Mahree empezaba a sentirse mejor. De pronto, notó en los hombros el calor del brazo de Rob y la proximidad de su cuerpo. Sintió que volvía a enrojecer.

—Ya hemos llegado —dijo él parándose delante del pequeño camarote—. Ahora quiero que te vayas a la cama en seguida. Nada de estudiar, ¿entendido?

La miraba con burlona severidad.

—Sí, doctor —dijo la chica en tono dócil.

Él le levantó la barbilla con dos dedos y sus ojos oscuros la miraron intensamente. Mahree contuvo el aliento cuando sus ojos se encontraron. «Va a darme un beso», pensó con un momentáneo vértigo. Luego, el sentido común se impuso, haciéndole el efecto de un jarro de agua helada.

—No tienes buen color —dictaminó el joven médico—. Y no me gustan esas ojeras. En serio, necesitas algo para dormir.

La muchacha tragó saliva.

—No; estoy bien.

Incluso después de que él retirara la mano, Mahree seguía sin poder apartar la mirada de la cara de Rob, como si quisiera aprenderse de memoria todos los detalles. La sombra que empezaba a oscurecer sus mejillas, las pequeñas líneas que habían aparecido junto a los ojos y la boca. Los oscuros rizos que él peinaba con los dedos… De pronto, sintió un deseo casi irresistible de levantar la mano y arreglarle el pelo.

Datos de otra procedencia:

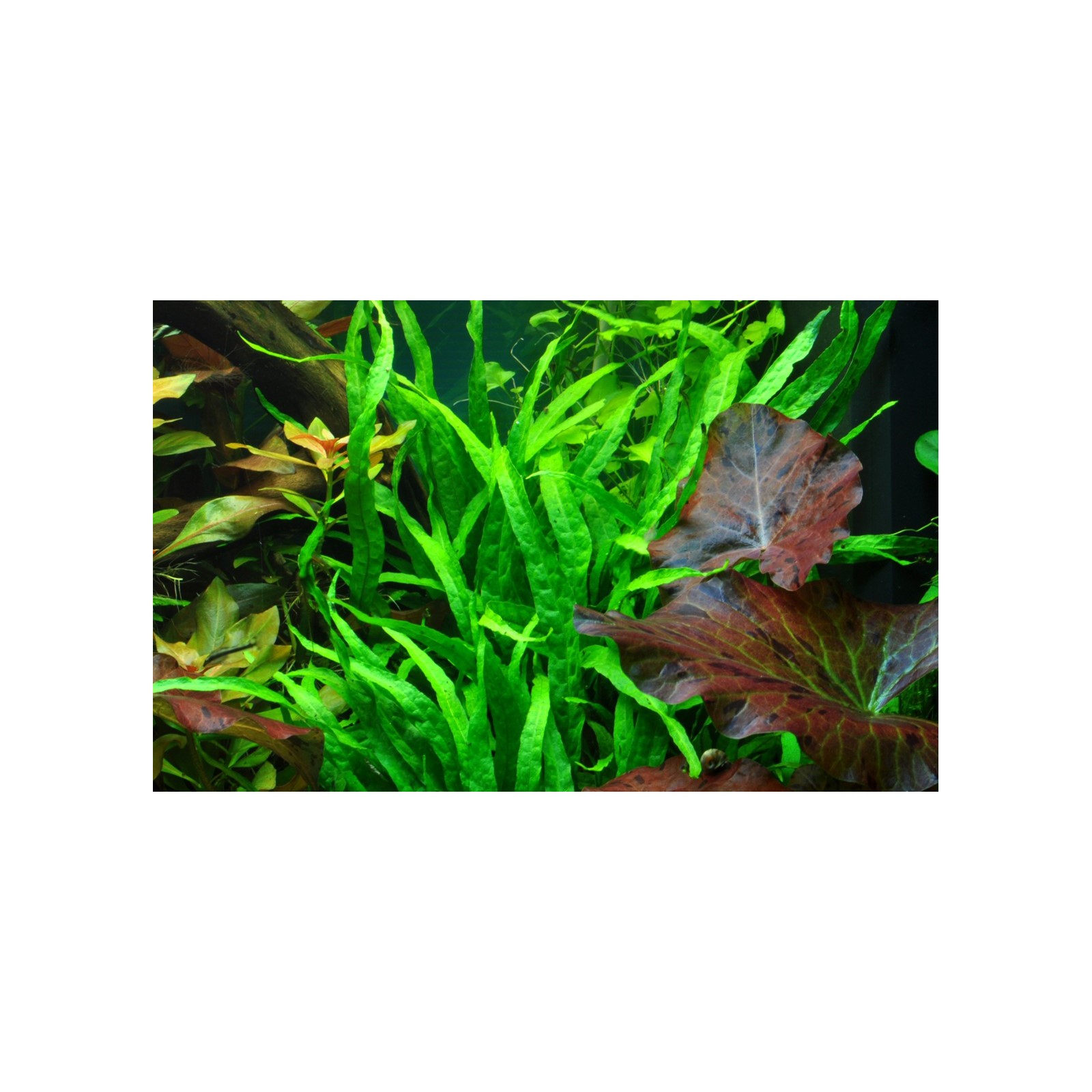 Les feuilles atteignent une longueur de 10 à 20 cm, tandis que le rhizome peut atteindre 10-15 cm ou plus. La plante est facilement attachée aux racines et aux pierres. C'est une plante décorative, adaptée également aux petits aquariums.

«¡Basta ya!», se ordenó a si misma. Y se volvió bruscamente, temiendo que él se hubiera dado cuenta. Pero la voz de Rob no había cambiado.

—De acuerdo —dijo—. Si estás segura… Buenas noches, Mahree.

—Buenas noches —contestó ella cerrando la puerta a su espalda.

Se apoyó en la pared, hasta que el corazón se le apaciguó y se le calmó el estómago. Entonces hizo una profunda aspiración y se sintió vacía.

«Las judías verdes —pensó de pronto—. Olvidé decirle que mañana hay que poner los tutores». Se apresuró a salir de su camarote y se dirigió al del doctor. Sus pies se movían de forma mecánica. Estaba a medio camino cuando oyó el sonido gutural de una voz de mujer y la voz de Rob. Mahree se detuvo con un pie en el aire. Luego, con mucho sigilo, se acercó a la intersección y miró hacia el corredor de la izquierda. Pudo ver a Yoki que abría la puerta de su camarote y desaparecía en su interior. Rob iba a medio paso detrás de ella.

La puerta se cerró. Mahree oyó el leve chasquido del cerrojo.